The Suspension of the Execution of a Bill of Exchange

On 27 May 2021, the First Hall Civil Court (the “Court”), presided over by Mr Justice Robert G. Mangion considered the execution of a bill of exchange. The case in the names of Mark Gaffarena vs Brian Lia, related to an application opposing the execution of a bill of exchange.

The facts of the case were as follows. Mr Lia (the “Applicant”) was served with a judicial letter in June 2020, whereby Mr Gaffarena (the “Respondent”) sought to render a bill of exchange, dated 20 November 2015, executable. In response, the Applicant instituted an application in terms of the proviso to Article 253 (e) of the Code of Organisation and Civil Procedure (Cap. 12 of the Laws of Malta) (the “COCP”), whereby he claimed there were grave and valid reasons to oppose the said execution since the bill of exchange did not reflect the current reality of the obligations between the parties. The Applicant claimed that he was engaged by the Respondent to carry out construction works in 2015, and towards the commencement of the engagement, the Respondent requested to pay for the Applicant’s services in advance, so that the works would not be affected by potential freezing of his assets. The Respondent paid €70,000 in part-payment for works that were already completed and as a deposit for the remaining construction works which the Applicant was engaged to carry out. The Respondent asked the Applicant to sign a bill of exchange for the same amount, as a means of ‘guarantee’ by the Applicant to the Respondent, for the performance of the construction works. During March 2016, there was an exchange of communication between the parties’ lawyers, where it was explained that the value of the works which had already been concluded had exceeded the value of the bill of exchange and that a balance was in fact owed by the Respondent to the Applicant.

Nonetheless, a judicial letter was served on the Applicant to seek the execution of the relevant bill of exchange. The Respondent claimed that the bill of exchange was not related to the contract of works and the services provided by the Applicant, but instead served as a ‘guarantee’ for the repayment of a loan which the Respondent had lent to the Applicant. The Respondent claimed that the bill of exchange was in fact an executive title and should be honoured by the Applicant. The Applicant denied borrowing money from the Respondent.

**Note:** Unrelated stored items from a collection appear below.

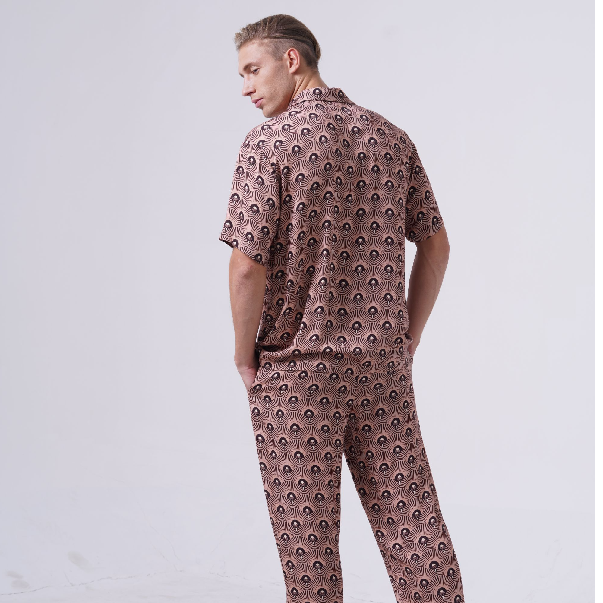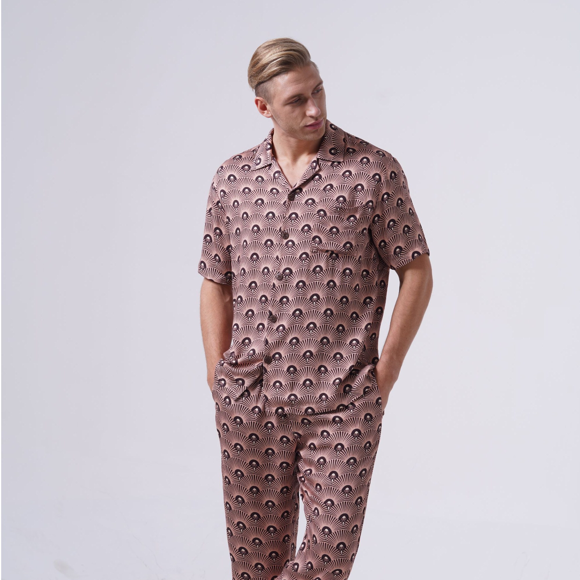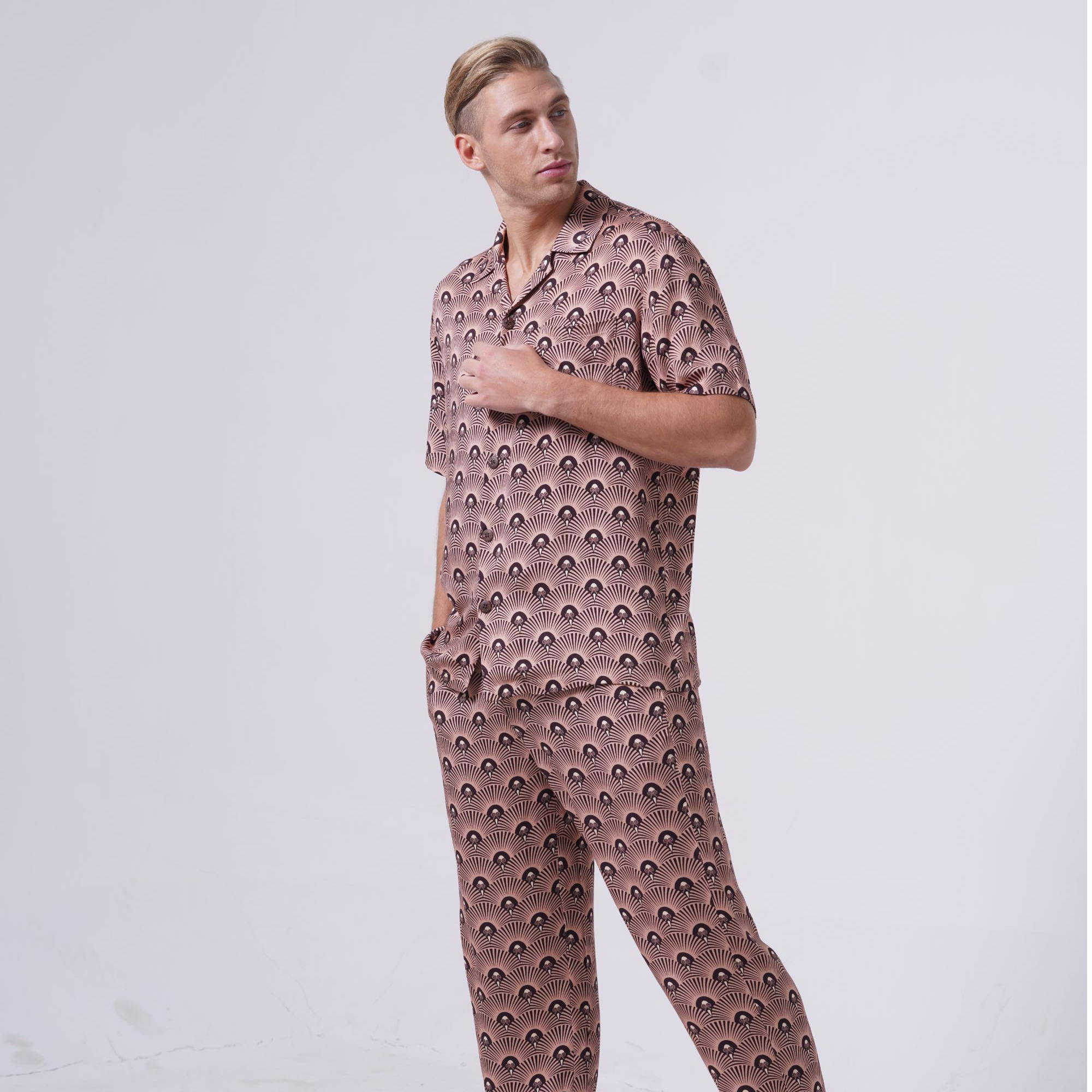 男印花开襟短袖睡衣套装PE21300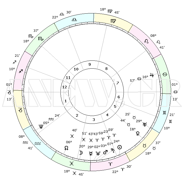 | | ΘΕΣΕΙΣ ΠΛΑΝΗΤΩΝ ΑΣΤΡΟΛΟΓΙΚΟΥ ΧΑΡΤΗ ΤΗΣ ΣΤΙΓΜΗΣ ΑΥΤΗΣ | | | | Πλανήτης | Ζώδιο | Μοίρες | Δεκαήμ. | Σε οίκο | Απόκλιση | | Ακμές των οίκων | | Ηλιος | Κριός | 24°54' | Τρίτο | 5 | 09 N 38 | | 1ος | 06°57' | Τοξότης | | Σελήνη | Ιχθείς | 19°46' | Δεύτερο | 3 | 03 S 05 | | 2ος | 09°08' | Αιγόκερως | | Ερμής | Ιχθείς | 29°36' | Τρίτο | 4 | 02 S 32 | | 3ος | 16°01' | Υδροχόος | | Αφροδίτη | Ταύρος | 18°39' | Δεύτερο | 6 | 17 N 32 | | 4ος | 22°05' | Ιχθείς | | Αρης | Κριός | 03°55' | Πρώτο | 4 | 00 N 39 | | 5ος | 22°10' | Κριός | | Δίας | Καρκίνος | 16°57' | Δεύτερο | 8 | 22 N 44 | | 6ος | 16°18' | Ταύρος | | Κρόνος | Κριός | 07°22' | Πρώτο | 4 | 00 N 57 | | 7ος | 06°57' | Δίδυμοι | | Ουρανός | Ταύρος | 29°25' | Τρίτο | 6 | 19 N 51 | | 8ος | 09°08' | Καρκίνος | | Ποσειδώνας | Κριός | 02°43' | Πρώτο | 4 | 00 S 07 | | 9ος | 16°01' | Λέων | | Πλούτωνας | Υδροχόος | 05°24' | Πρώτο | 2 | 22 S 47 | | 10ος | 22°05' | Παρθένος | | Β. Δεσμός | Ιχθείς | 06°40' | Πρώτο | 3 | 09 S 04 | | 11ος | 22°10' | Ζυγός | | Ωροσκόπος | Τοξότης | 06°57' | Πρώτο | | | 12ος | 16°18' | Σκορπιός | | Μεσουράνημα | Παρθένος | 22°05' | Τρίτο | | | |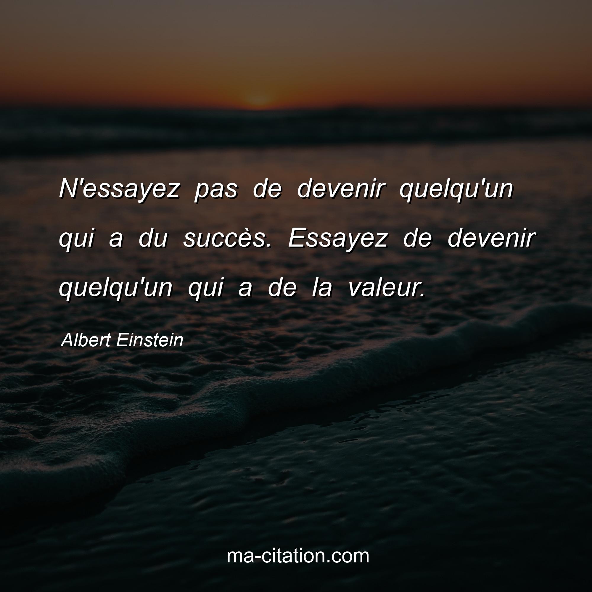 Citation sur la motivation d'Albert Einstein :N'essayez pas de devenir quelqu'un qui a du succès. Essayez de devenir quelqu'un qui a de la valeur.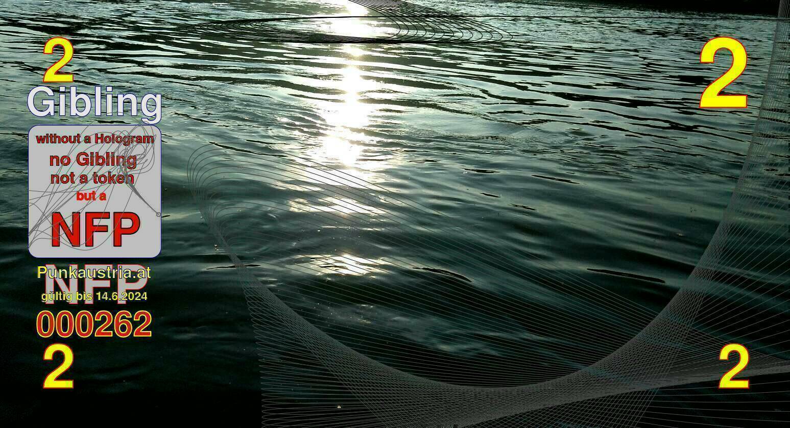| Caption-Abstract | NFP stays for "Non Fungible Picture". The 11th Edition of our community currency Gibling is built on series of unique pictures. Each image file is unique by serial number and has a own a sha256 checksum. This data is stored in the metatags of the next picture of the series. In the metatags of the first image of the series you can find this text signed in our cryptocurrency Givecoin, created in 2014; NFPs is a fork of the Givecoin blockchain. With the NFPs we extend our ECO system in the context of process art. In this way, the Infolab of the Stadtwerkstatt wants to show another critical position on the logical truths in the new digital information society. The serial number of this image is 000262 and can also be found in the metatag "Original Transmission Reference". The checksum of the previous image is aab46d5b3fd2edb166ebc6c94c0c1a6f4ea30bef6273f20c586089871207288c and is also stored in the metatag: "Edit Status". Your bitcoinaddress: 14R5DP55HqXn3Ccsw76UY4qBZBm5VCSCJq. Your Givecoinaddress:Is printed on the back of the Gibling. To keep the process open, visit https://gibling.stwst.at and follow the instructions." |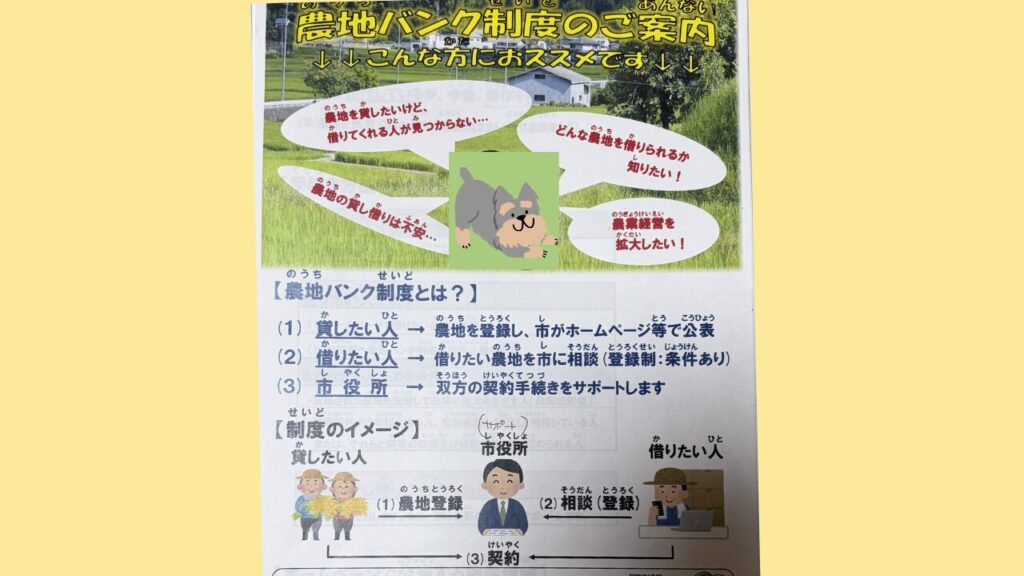 お住まいの行政機関(市役所など)に問い合わせると田んぼや畑を所有していても自分たちで使わないところを市と提携して貸し出す制度を設けている場合があります。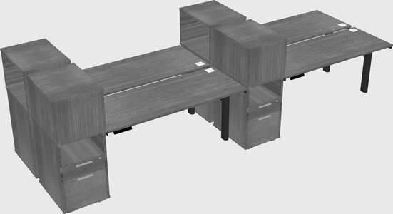 Grey Shared Dual Motor Electric Height Adjustable Desks With Side Cabinets For 4 Persons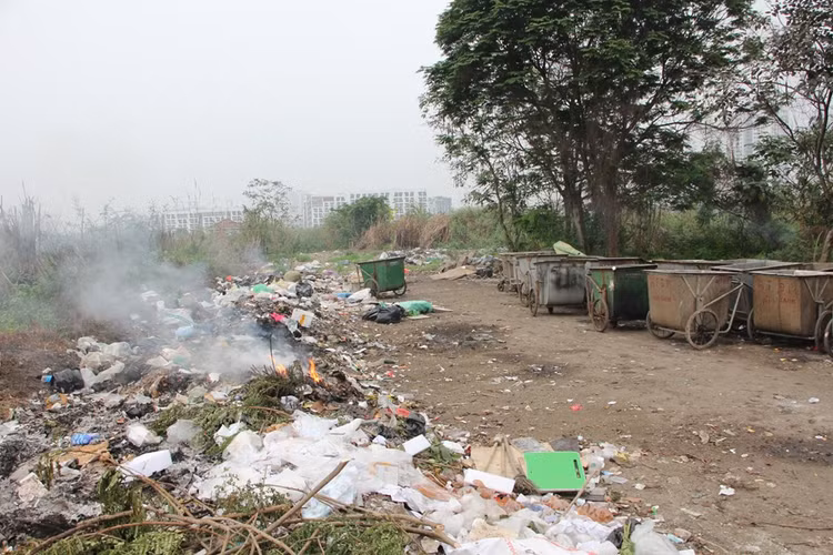 Ngay trong điểm công nghiệp Di Trạch (huyện Hoài Đức) cũng diễn ra tình trạng đốt chất thải gây ô nhiễm môi trường. Cuối đường khu đô thị Xuân Phương (quận Nam Từ Liêm) trở thành điểm tập kết rác, ảnh hưởng người tham gia giao thông.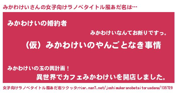 | 胡散臭い通販商品みたいなあだ名 | 『必ず成功する霊験あらたかなお札…その名も「みかわけい」』 |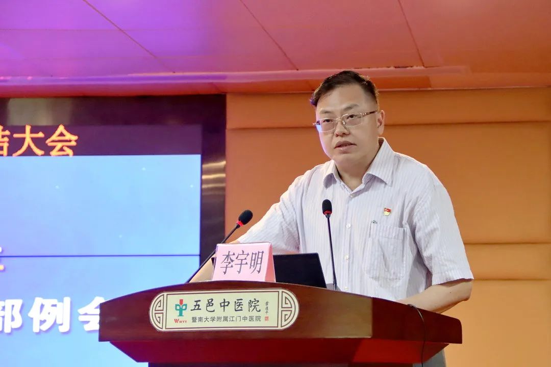 今天,江门市五邑中医院在8号楼六楼会议室召开了2022年上半年工作总结大会,总结上半年工作,部署下半年工作任务。党委书记李宇明,党委副书记、纪委书记黄锦尧,党委委员、副院长章光华、陈述祥以及全体中层干部参加。会议由党委委员、副院长余尚贞主持。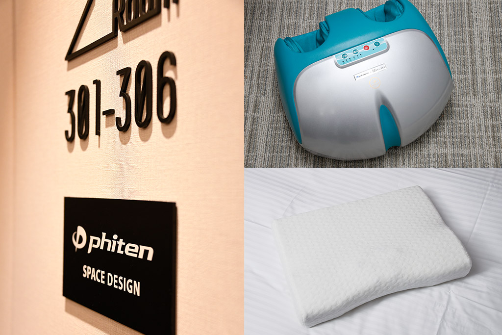 客室の壁、床、寝具などに、「アクアチタン」というファイテン社独自の特殊素材を染み込ませてあり、カラダ本来のリラックス状態に導くことをサポートする客室です。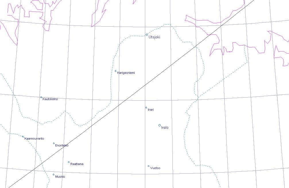 ja Inarin Suopumajärven kautta kulkevalla viivalla. Viivan pohjoispuolella tähti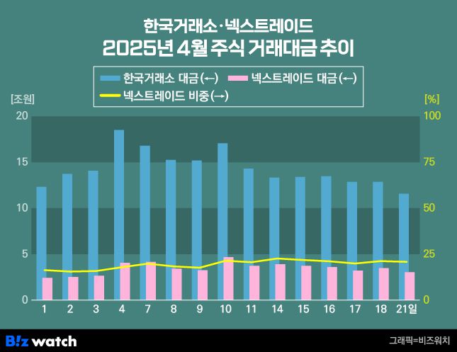한국거래소와 넥스트레이드 2025년 4월 주식 거래대금 추이/그래픽=비즈워치 |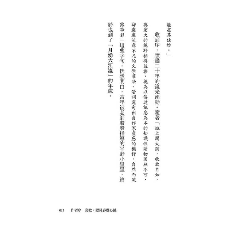 收到序,讀盡二十年的流光湧動。隨著「她大開大闔,收放自如,與宏大的視野相得益彰,視為以傳達訊息為本的知識性讀物固無不可,卻處處流露不凡的文學筆法,清詞麗句出自作家靈感的機杼,自然而流露華彩」這些字句,恍然明白,當年被老師殷殷指導的平野小星星,終於也到了「月湧大江流」的年歲。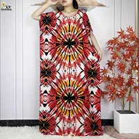 Summer Dubai Fashion Lady Clothing Soft Cotton Tie-dyed Loose Maxi Islam Women Short Sleeve African Abaya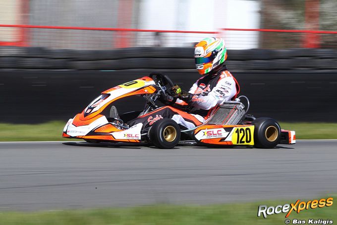 De Fries kwam pas zondagochtend aan op de het circuit. Ondanks de weinige tijd op de baan merkte Kits dat het ontzettend goed liep. “We trainden in de ochtend op nieuwe banden en dat zag er op zich wel goed uit. We hebben hier vrijdag niet getraind, omdat het echt heel slecht weer was. Dus we zijn pas op zondagochtend naar Mariembourg gegaan. De eerste paar rondjes was het natuurlijk een beetje zoeken, maar op een gegeven moment ging het al snel beter en beter. In de vrije training zette ik de snelste tijd neer en in de kwalificatie was ik ook de snelste. Dus mocht ik race 1 vanaf pole position starten.” Kits kreeg al vroeg op de dag het gevoel dat er met zijn gloednieuwe Sodi-kart wat te halen viel op het kartcircuit in Wallonië.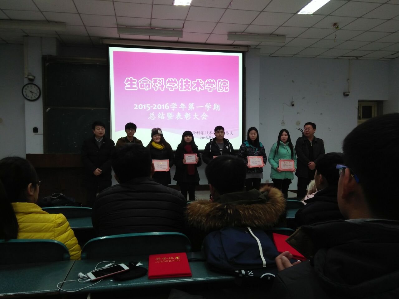 过去的一年,在院系领导的正确领导下,学院学风进一步好转,学生学习劲头继续增强, 在工作的各个方面都取得了显著的进步。表彰大会在学生会主席姜亚力的主持下拉开帷幕,此次表彰大会有“文明宿舍奖”“学生会优秀干事奖”“元旦晚会优秀主持人奖”“元旦晚会优秀节目奖”“啦啦操团体奖”“优秀话剧奖”等荣誉称号。共58人获得荣誉。他们是生命科学技术学院广大同学和班集体中的优秀代表,平时都在学生活动中表现优异。颁奖结束后,大会圆满成功。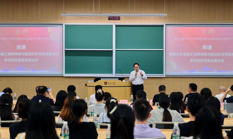 2025年9月10日15时,91视频 考古文博与中华文明研究院2025级研究生新生开班典礼在苏州校区南雍楼西311隆重举行。91视频 卓越工程师学院与前沿科学学院党委书记、苏州校区管委会副主任陈谦,91视频 研究生院副院长、研究生院苏州校区办公室主任吴恺,91视频 党委书记赵清,91视频 院长梁晨,考古文博与中华文明研究院院长张生,执行院长吴桂兵,91视频 党委副书记陈声玥,以及相关专业教师和2025级研究生新生出席典礼。典礼由赵清书记主持。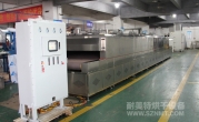 2、外形尺寸(約):長13000mm*高1800mm*寬2400mm,地面到網(wǎng)帶的高度為1000mm;進料區(qū)1000mm,升溫區(qū)長500mm,恒溫區(qū)長10000mm(分5段均可獨立控制),出料區(qū)1500mm;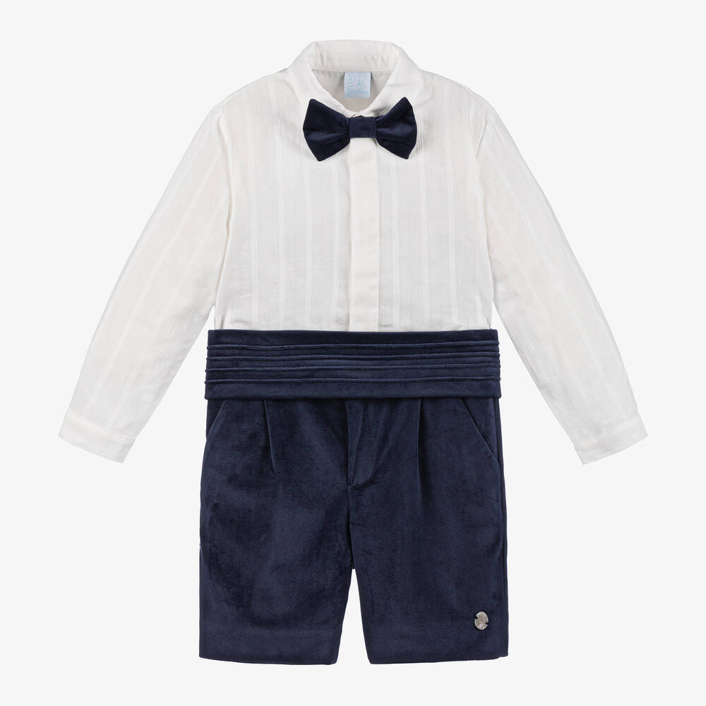 Super smart navy blue velvet shorts set for boys by Spanish brand Artesanía Granlei, ideal for any special occasion. The white, lightweight cotton shirt has stitched stripes and a covered, button-fastening placket. The beautifully soft, velvet shorts have slanted pockets and button and zip fastenings on the front. Fully lined, they have a useful, adjustable waistband for a great fit. Completing the set is an adjustable, velvet bow tie and a cummerbund-style belt, secured with poppers on the back. The shirt and shorts have the brand's mother-of-pearl logo charm for instant brand recognition.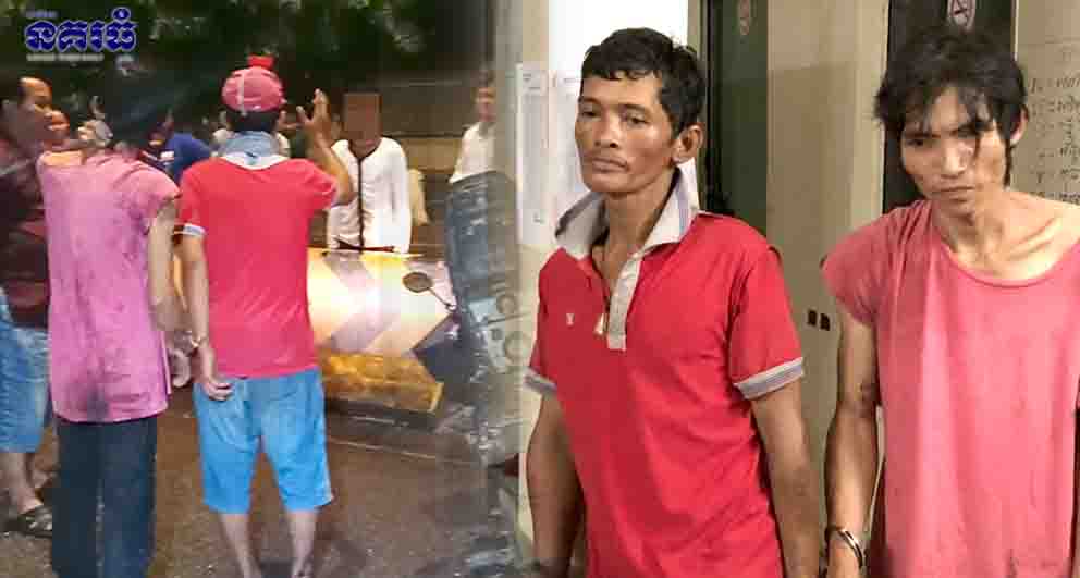 ភ្នំពេញ ៖ បុរស២នាក់បានចោទប្រកាន់បុរស២នាក់ទៀតដែលត្រូវជាមិត្តភក្តិរបស់ខ្លួន ថាបានបន្លំលួចលុយអស់ចំនួន២៥០០០រៀល ទើបធ្វើឱ្យពួកគេកើតទុក្ខមិនសុខចិត្តក៏ទាញរណារ២ដើម ជិះកង់ឌុបគ្នាពីផ្សារដើមថ្កូវទៅកាប់ជនរងគ្រោះដែលកំពុងដេកក្នុងមុងនៅខាងមុខរបងមន្ទីរពេទ្យរុស្ស៊ី បង្កឱ្យការភ្ញាក់ផ្អើលឡើង កាលពីម៉ោង២និង៣០នាទីរំលងអធ្រាត្រ ឈានចូលថ្ងៃទី០៨ ខែសីហា ឆ្នាំ២០១៨ នៅចំណុចមុខរបងមន្ទីរពេទ្យរុស្ស៊ី ចំហៀងខាងជើង ស្ថិតនៅសង្កាត់ទំនប់ទឹក ខណ្ឌចំការមន។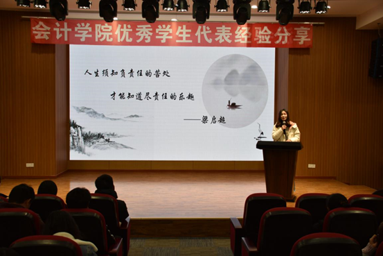 至此,会计学院“优秀学生代表经验分享座谈会”圆满结束。此次活动帮助同学们明确了学习方向,也帮助他们了解到高效学习的方法。良好的学风建设需要每一位同学的努力,希望同学们通过此次优秀学生代表经验分享会,能够寻找到适合自己的学习方法,给自己的未来一个明确的规划,努力学习,充实自我,共建优良学风。

The Court analysed article 253 (e) of the COCP, which states that bills of exchange are executive titles provided that the competent court may, by decree which shall not be subject to appeal, suspend the execution of such a bill of exchange in whole or in part and with or without security, upon an application of the person opposing the execution of such bill of exchange, on the grounds that the signature on the said bill of exchange is not that of the said person or of his mandatory or where such person brings forward grave and valid reasons to oppose the said execution. The application of the person opposing the execution of the bill of exchange must be filed within twenty days from the service of the judicial letter sent for the purpose of rendering the same bill of exchange executable, and in such case, any person demanding the payment of the bill of exchange shall file an action according to the provisions of the Commercial Code.

The Court observed that the law clearly provides two reasons for the suspension of the execution of a bill of exchange, namely where the signature is not that of the relevant person or of his mandatory and/or where such person provides other grave and valid reasons to oppose the execution. The Court also noted that bills of exchange which were transferred to third parties by endorsement become autonomous and independent from the obligations for which reason the bill of exchange was drawn up. Consequently, a bill of exchange that has not been transferred to third parties, may not proceed without reference to, and cannot be detached from, the original agreement and obligations which caused the bill of exchange to be drawn up.

The Court expressed that, although this was not clearly expressed in the law, the action at hand was considered to constitute a summary procedure whereby the Court was requested to carry out simply a prima facie analysis – in fact, it was the intention of the legislator for such cases to be decided expeditiously. Therefore, pleas which require a detailed examination and analysis are not admissible in such proceedings. This is the reason for the limited objections which one may raise when requesting the suspension of a bill of exchange in terms of article 253 (e) of the COCP.

With respect to the case at hand, the Court observed that the Applicant did not contest the validity of the signature on the bill of exchange. In considering whether there were any “grave and valid reasons” to oppose the execution of the bill of exchange, the Court noted that the law does not specify what reasons could be constituted as “grave and valid”, and therefore it was left up to the Court’s interpretation. The Court expressed that the arguments presented by the Applicant and the Respondent were contradictory, however, it was not expected to determine which version was most credible since it must only carry out a prima facie enquiry. The Court also considered that since the bill of exchange had not been transferred to third parties, it could not be considered autonomous and independent from the underlying obligations which gave rise to the bill of exchange. As a result, since the disagreements between the parties were inherent to the underlying obligations and the reasons why the bill of exchange was drawn up initially, the Court concluded that this was a grave and valid reason to merit the suspension of the execution of the bill of exchange. The Court, therefore, ordered the suspension of the execution of the bill of exchange dated 20 November 2015 in accordance with article 253 (e) of the COCP.